Adakah Kasih di hati kita?

" I believe that the practice of compassion and love

—a genuine sense of brotherhood and sisterhood—

is the universal religion.

It does not matter whether you are Buddhist or Christian,

Moslem or Hindu, or whether you not practice a religion at all."



[ Dalai Lama XIV ]


Anda bisa saja membenci suatu kejadian atau pengalaman tertentu di dalam kehidupan Anda; tetapi bisakah Anda membenci kehidupan ini sendiri lantaran ia terasa menyengsarakan, terasa tidak bersikap adil terhadap Anda dan seringkali mengecoh Anda?

Anda bisa saja merasa tidak nyaman akan kehidupan yang sedang kita jalani ini, merasa disengsarakan oleh kehidupan ini, merasa diperlakukan tidak adil, tapi tetap Anda tidak bisa membencinya karena, bagi Anda, Andalah kehidupan Anda itu. Kecuali seseorang sudah sedemikian stresnya, hingga nyaris kehilangan ingatan, maka ia bisa membenci dirinya sendiri.

Cinta bisa saja merupakan lawan benci, tapi kasih tak pernah merupakan lawan benci. Kita bisa saja sekarang membenci seseorang atau sesuatu yang pernah kita cintai, namun kita tak akan pernah bisa membenci sesuatu atau seseorang yang pernah kita kasihi. Bahkan ungkapan seperti itu, ungkapan 'yang pernah kita kasihi' itu, kurang tepat. Sejauh dalam ungkapan itu sendiri terkandung kemungkinan 'tidak mengasihi lagi'. Padahal, sekali kita mengasihi sesuatu atau seseorang, kita akan mengasihinya selamanya, seumur-hidup.

Setiap orang mencintai dirinya sendiri; dan ini merupakan sesuatu yang instingtif. Kalaupun seseorang tampak tidak begitu menyukai alur kehidupan yang sedang dijalaninya sekarang ini, tidaklah berarti ia tidak mencintai atau membenci kehidupannya sendiri karena dialah kehidupannya itu. Ketidak-sukaannya pada alur kehidupannya justru dipicu oleh rasa iba-diri yang mengakar kuat pada kecintaan pada kehidupan berjasad ini.
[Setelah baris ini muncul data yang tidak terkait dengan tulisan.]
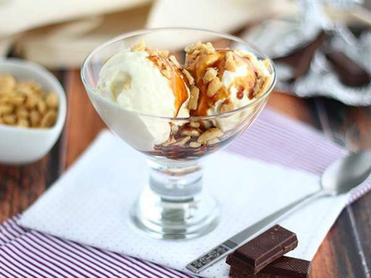 Sortez la glace 5 minutes avant de servir. Servez des boules dans une coupe à glace, et versez du caramel dessus.
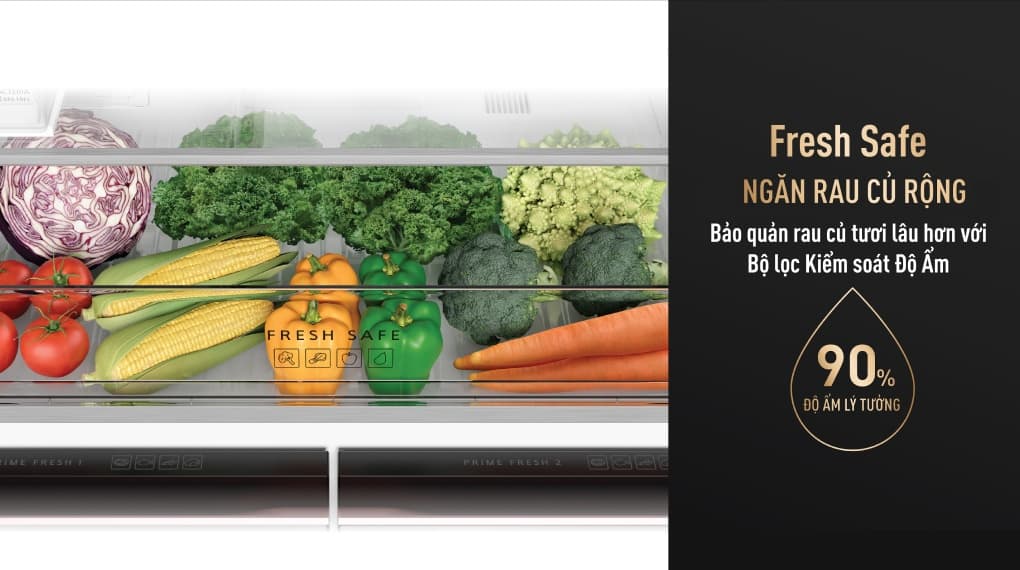 - Ngăn rau củ Fresh Safe rộng rãi có thể giữ đến 90% độ ẩm cho rau củ luôn tươi ngon.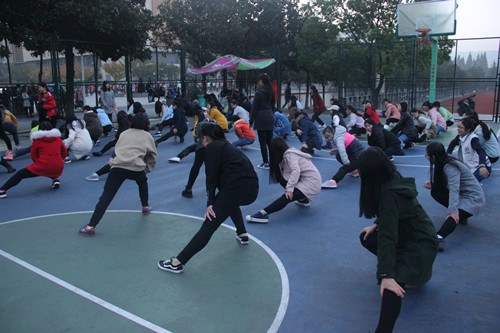 16级各班早早地便来到场地,集合完毕后,各班班长及体育委员带领大家开始了热身活动。活动形式种类繁多,有伸展运动、压腿运动、小组活动、健美操等。其中,汉语言文学三班在进行分步骤的健身运动,伸展、按压、前屈,姿势标准,动作整齐划一。汉语言文学四班的同学加强练习广播体操的动作,力求每个动作做得到位标准。汉语国际教育班则在负责人的带领下认真的复习体育课上所学十二步,每位同学都精神饱满,活力十足。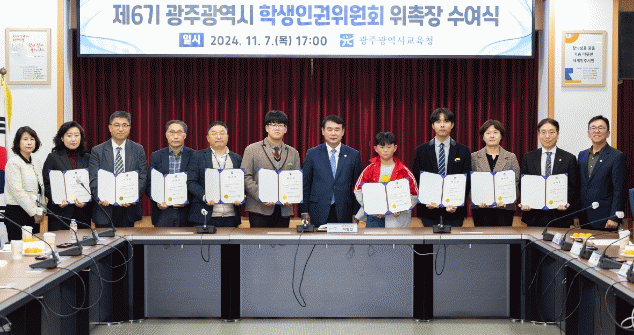 제6기 학생인권위원회는 최원오 광주교대 교수가 위원장을, 김경희 ‘참교육을위한전국학부모회 광주지부장’이 부위원장으로 선출됐다. 또 광주고등학생의회 최장우 광주서석고 학생 역시 부위원장으로 위촉됐다.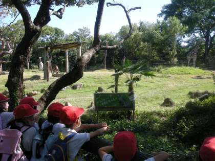 みんなで、色々な動物を見て回りました。「見て!見て!キリンがいるよ。大きいなあ〜」など、それぞれが歓声を上げていました。その後、木陰で昼食(お弁当)を仲よく食べました。

Rasa iba-dirinya tak mau menerima kalau si diri ini mengalami penderitaan, dan sebaliknya akan dengan senang-hati berusaha memberinya yang terbagus —yang belum tentu berarti yang terbaik—, yang paling menyenangkan, yang paling memberi kenikmatan, kenyaman, ketenteraman; pendeknya yang —menurut kita— membahagiakan. Daripadanya, juga muncul prilaku 'pemanjaan-diri'. Secara naluriah, kita cenderung memanjakan yang kita cintai bukan?

Mengasihi tidak seperti itu. Kita memang bisa sedemikian mencintai kehidupan kita sendiri, tapi kita tidak bisa hanya mengasihi kehidupan kita ini saja. Mengasihi sesuatu tindakan universal; ia tidak bisa dibatasi hanya dalam satu sosok individu atau pribadi tertentu saja. Kalau mencintai bersifat individual atau personal, maka mengasihi bersifat universal. Saya memang bisa mengatakan kalau saya mencintai kehidupan saya ini, tapi tidak bisa mengatakan kalau saya mengasihi kehidupan saya; saya hanya bisa mengatakan kalau saya mengasihi kehidupan semua makhluk-hidup. Karena tindakan mengasihi ini sedemikian universalnya, dan tentu saja bukan sesuatu yang bersifat instingtif. Makanya, dalam mengasihi tidak akan pernah ada pemanjaan. Kita memang bisa memanjakan yang kita cintai, namun kita tak akan tega memanjakan yang kita kasihi.


Nah ... saat ini, adakah kasih di hati kita?